● STUDY MATERIAL
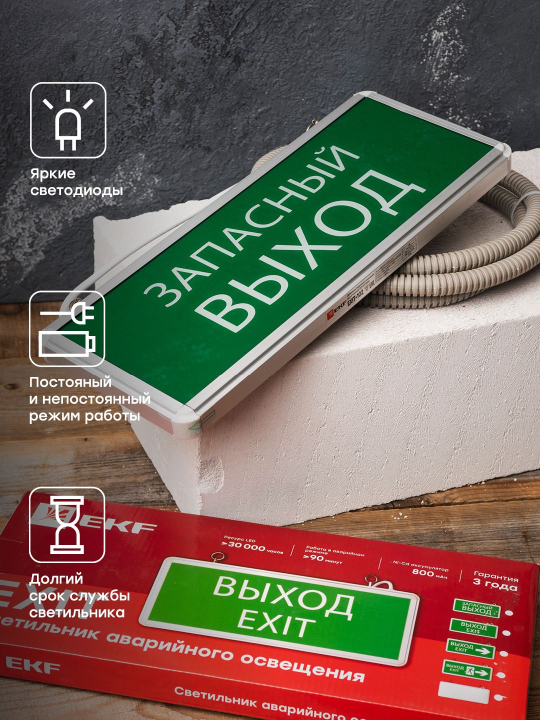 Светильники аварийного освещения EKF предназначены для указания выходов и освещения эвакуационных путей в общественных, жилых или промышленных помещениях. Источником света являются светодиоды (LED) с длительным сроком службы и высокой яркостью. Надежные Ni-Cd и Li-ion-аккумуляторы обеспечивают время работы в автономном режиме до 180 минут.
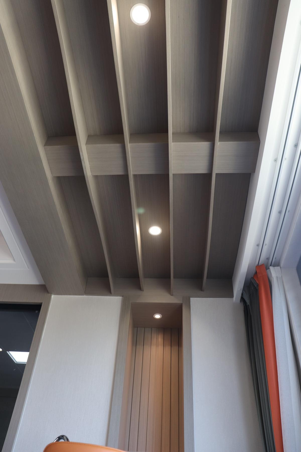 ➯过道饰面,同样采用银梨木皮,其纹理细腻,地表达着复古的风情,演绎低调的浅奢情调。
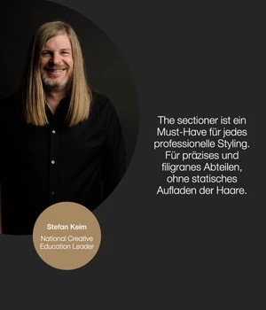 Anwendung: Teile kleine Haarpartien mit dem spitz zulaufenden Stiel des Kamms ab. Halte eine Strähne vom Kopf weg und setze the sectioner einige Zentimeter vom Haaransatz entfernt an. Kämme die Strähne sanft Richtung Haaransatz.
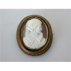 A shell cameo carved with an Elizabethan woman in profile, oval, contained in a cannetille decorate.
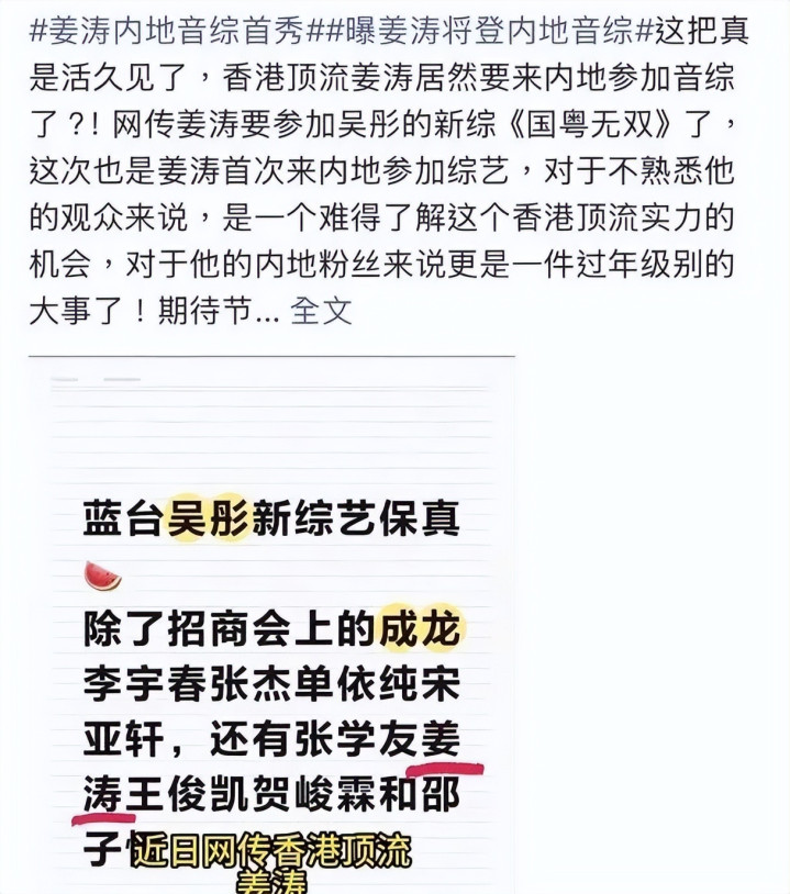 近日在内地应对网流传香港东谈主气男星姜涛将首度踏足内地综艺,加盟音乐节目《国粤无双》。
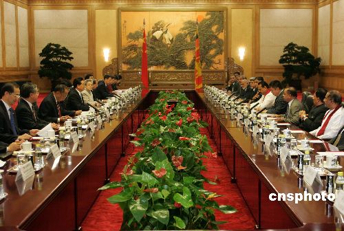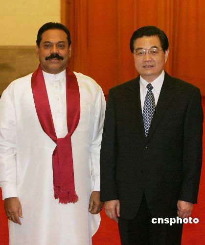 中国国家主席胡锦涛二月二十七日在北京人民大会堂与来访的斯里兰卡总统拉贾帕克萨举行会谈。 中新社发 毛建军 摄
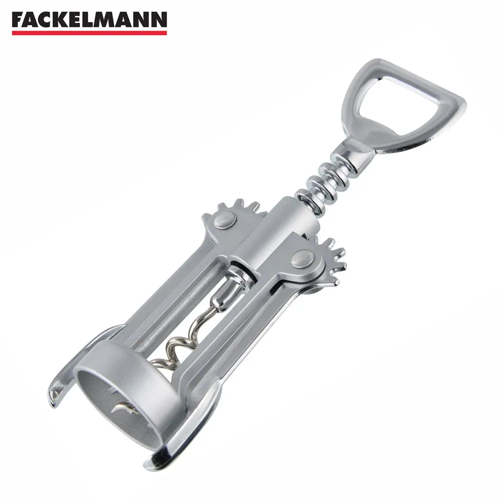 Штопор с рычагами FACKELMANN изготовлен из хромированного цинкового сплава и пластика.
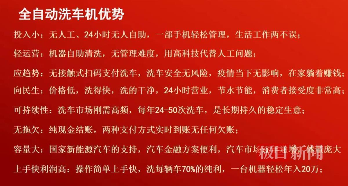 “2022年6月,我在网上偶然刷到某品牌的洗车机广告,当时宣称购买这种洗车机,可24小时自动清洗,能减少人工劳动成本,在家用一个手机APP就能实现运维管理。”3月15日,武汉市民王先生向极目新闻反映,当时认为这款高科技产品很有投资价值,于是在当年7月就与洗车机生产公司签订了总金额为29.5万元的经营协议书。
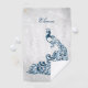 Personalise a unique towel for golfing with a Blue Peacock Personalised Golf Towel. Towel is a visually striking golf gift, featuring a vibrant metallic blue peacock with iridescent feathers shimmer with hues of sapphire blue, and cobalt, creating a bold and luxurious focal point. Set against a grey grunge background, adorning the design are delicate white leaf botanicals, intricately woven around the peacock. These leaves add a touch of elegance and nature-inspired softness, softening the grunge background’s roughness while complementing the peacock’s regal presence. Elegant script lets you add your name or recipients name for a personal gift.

● WORK TASK
Print all the material above exactly, and drop the images.

● TASK SOLUTION
 Светильники аварийного освещения EKF предназначены для указания выходов и освещения эвакуационных путей в общественных, жилых или промышленных помещениях. Источником света являются светодиоды (LED) с длительным сроком службы и высокой яркостью. Надежные Ni-Cd и Li-ion-аккумуляторы обеспечивают время работы в автономном режиме до 180 минут.
 ➯过道饰面,同样采用银梨木皮,其纹理细腻,地表达着复古的风情,演绎低调的浅奢情调。
 Anwendung: Teile kleine Haarpartien mit dem spitz zulaufenden Stiel des Kamms ab. Halte eine Strähne vom Kopf weg und setze the sectioner einige Zentimeter vom Haaransatz entfernt an. Kämme die Strähne sanft Richtung Haaransatz.
 A shell cameo carved with an Elizabethan woman in profile, oval, contained in a cannetille decorate.
 近日在内地应对网流传香港东谈主气男星姜涛将首度踏足内地综艺,加盟音乐节目《国粤无双》。
 中国国家主席胡锦涛二月二十七日在北京人民大会堂与来访的斯里兰卡总统拉贾帕克萨举行会谈。 中新社发 毛建军 摄
 Штопор с рычагами FACKELMANN изготовлен из хромированного цинкового сплава и пластика.
 “2022年6月,我在网上偶然刷到某品牌的洗车机广告,当时宣称购买这种洗车机,可24小时自动清洗,能减少人工劳动成本,在家用一个手机APP就能实现运维管理。”3月15日,武汉市民王先生向极目新闻反映,当时认为这款高科技产品很有投资价值,于是在当年7月就与洗车机生产公司签订了总金额为29.5万元的经营协议书。
 Personalise a unique towel for golfing with a Blue Peacock Personalised Golf Towel. Towel is a visually striking golf gift, featuring a vibrant metallic blue peacock with iridescent feathers shimmer with hues of sapphire blue, and cobalt, creating a bold and luxurious focal point. Set against a grey grunge background, adorning the design are delicate white leaf botanicals, intricately woven around the peacock. These leaves add a touch of elegance and nature-inspired softness, softening the grunge background’s roughness while complementing the peacock’s regal presence. Elegant script lets you add your name or recipients name for a personal gift.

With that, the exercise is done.